-
Notifications
You must be signed in to change notification settings - Fork 10
Device Pool and Task Pool
v1.3.1: Task(not a future but can compute in a future time), TaskPool(producer) and DevicePool(consumers) features were added.
Task
Not to be confused with opencl-task, this is just another way of executing kernels. Instead of computing a kernel directly as
data00.nextParam(data01).compute(...);
operation can be saved for later as
ClTask task = data00.nextParam(data01).task(1, "test", testGlobalSize,testLocalSize);
with same parameters as compute() except number cruncher parameter. ClNumberCruncher instance is used only when computing a task as
task.compute(numberCruncher);
task.compute(numberCruncher); // can be repeated, does not destroy itself
here, ClTask instance is an instance of parameter+kernel config frozen even if parameter fields are changed later. So multiple different tasks can be created from same parameters but with some of fields changed each time. Choosing different compute-id for each same kernel name, uses a different kernel instance in background, to increase many-kernel scheduling performance, with help of less clSetKernelArg() calls.
ClTask task = data00.nextParam(data01).task(1, "test", testGlobalSize,testLocalSize);
data01.read=false;
ClTask taskNoRead = data00.nextParam(data01).task(1, "test", testGlobalSize,testLocalSize);
data00.write=false;
ClTask taskNoReadWrite = data00.nextParam(data01).task(1, "test", testGlobalSize,testLocalSize);
task.compute(numCruncher); // read+write both arrays
taskNoRead.compute(numCruncher); // read only first array
taskNoReadWrite.compute(numCruncher);// write only second array and read only first array
TaskPool and Device Pool
From ClTask instances, a ClTaskPool is built.

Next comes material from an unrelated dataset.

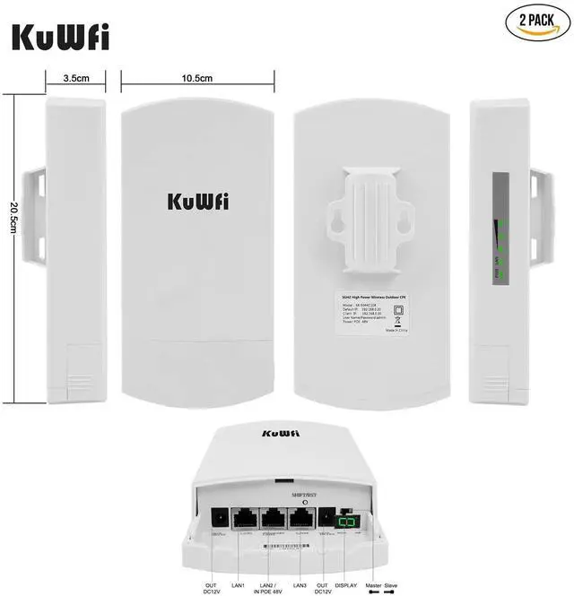 KuWFi CPE400: An outdoor point to point wireless bridge, Extend your house network to the second building, such as garages, barns, shops, and even neighbors, without having to layout network cables, saving costs. Also suitable for surveillance cameras ^^ Outdoor IP65

ClTaskPool is used for grouping ClTask instances to be able to repeat all of them easily from client code and reset anytime it is needed to revert back to original position of task instance to execute. It is also used by ClDevicePool instance for computing many non-separable kernels with a greedy work scheduler between multiple GPUs. Task pool acts as a source for "producer", devices act as a "consumer", to finish all kernels quicker than a single GPU, using fine grained control logic supported by OpenCL 1.2 's callback feature.

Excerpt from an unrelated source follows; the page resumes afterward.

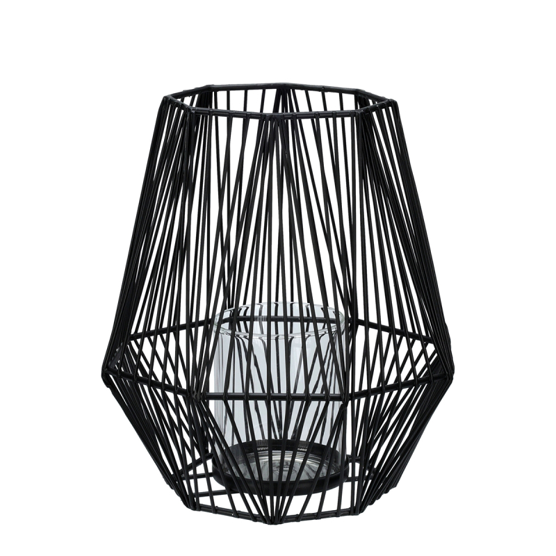 Φανάρι κατασκευασμένο από μεταλλικό υλικό σε μαύρο χρώμα. Με μοντέρνο σχεδιασμό που το καθιστά ιδανικό για κάθε χώρο και γυάλινο ποτηράκι εσωτερικά για να τοποθετήσετε το κερί. Ιδανικό για να χαρίσετε απαλό φωτισμό σε οποιονδήποτε εσωτερικό ή εξωτερικό χώρο.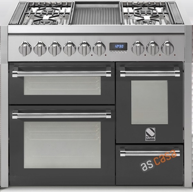 Steel Genesi 100, Rangecooker, Farbe Anthrazit, 100 cm, Multifunktions-Backofen, 3 Öfen, 5 Induktions Kochzonen, G10FFF-6LAN, mit 5 Jahren Garantie!

Due to single-producer+multiple-consumer algorithm's multi-thread nature, a kernel may be issued by any device in the pool. There is no guaranteed order of kernel execution nor order of device execution. As soon as a device becomes available, it can start computing; as soon as a task is fed to pool, it can start being computed, all multi-threadedly possible.
Preparing task pool:
int testSize = 1024*8; // size of each kernel
int testTiles = 30; // number of different kernels, arrays (and tasks), takes 30-40 seconds to compile 30 kernels
ClArray<float> []data00 = new ClArray<float>[testTiles];
ClArray<float>[] data01 = new ClArray<float>[testTiles];
for (int i = 0; i < testTiles; i++)
{
data00[i] = new ClArray<float>(testSize); data00[i].write = false; data00[i].read = false;
data01[i] = new ClArray<float>(testSize); data01[i].write = false; data01[i].read = false;
}
ClTaskPool taskPool = new ClTaskPool();
for (int i = 0; i < testTiles; i++)
{
ClTask task = data00[i].nextParam(data01[i]).task(1, "test"+i.ToString(), testSize,64);
taskPool.feed(task);
}
taskPool.reset();
preparing device pool:
string copy = @"
__kernel void test@@v(__global float *data,__global float *data2)
{
int id=get_global_id(0);
float f=2.0f+data2[id];
for(int i=0;i<350;i++)
f=sin(cos(f));
data[id]+=f;
}
";
// "multiple kernel instances" feature has not been added yet
// so to produce multiple kernels doing same algorithm:
StringBuilder sbRes = new StringBuilder(@"");
for(int i=0;i< testTiles;i++)
{
sbRes.AppendLine(copy.Replace("@@v",i.ToString()));
}
// only compute-at-will mode is supported for now (and true = fine grained mode is also supported)
ClDevicePool devicePool = new ClDevicePool(ClDevicePoolType.DEVICE_COMPUTE_AT_WILL , sbRes.ToString(), true,false);
devicePool.addDevice(ClPlatforms.all().gpus()[0]);
devicePool.addDevice(ClPlatforms.all().gpus()[1]);
binding task pool to device pool:
devicePool.enqueueTaskPool(taskPool); // deep clones taskpool instance so multiple copies can be added
taskPool.feed(newTask);
devicePool.enqueueTaskPool(taskPool); // has 1 more task
synchronizing on host:
devicePool.finish();
Multiple queue option is not working for now. This feature is being developed. All tasks(especially duplicaated kernel names) should have a different compute-id for future multi-queue versions of device pool, because different compute id creates a new kernel instance even for same kernel name, to be able to use different sets of parameters at the same time on multiple queues in same device.
Details
Device Pool:
- Device pool works with only
DEVICE_COMPUTE_AT_WILL
option which greedily chooses idle or (less idler) GPUs to run
Task:
-
TASK_MESSAGE_DEVICE_SELECT_BEGIN
andTASK_MESSAGE_DEVICE_SELECT_END
bitfields define a task is beginning or ending of a "single-same-device runs this series of tasks" mode, these definition tasks are inclusive to this single device mode range. While a chosen device runs these series of tasks, other devices are issued other tasks or task ranges same as this range.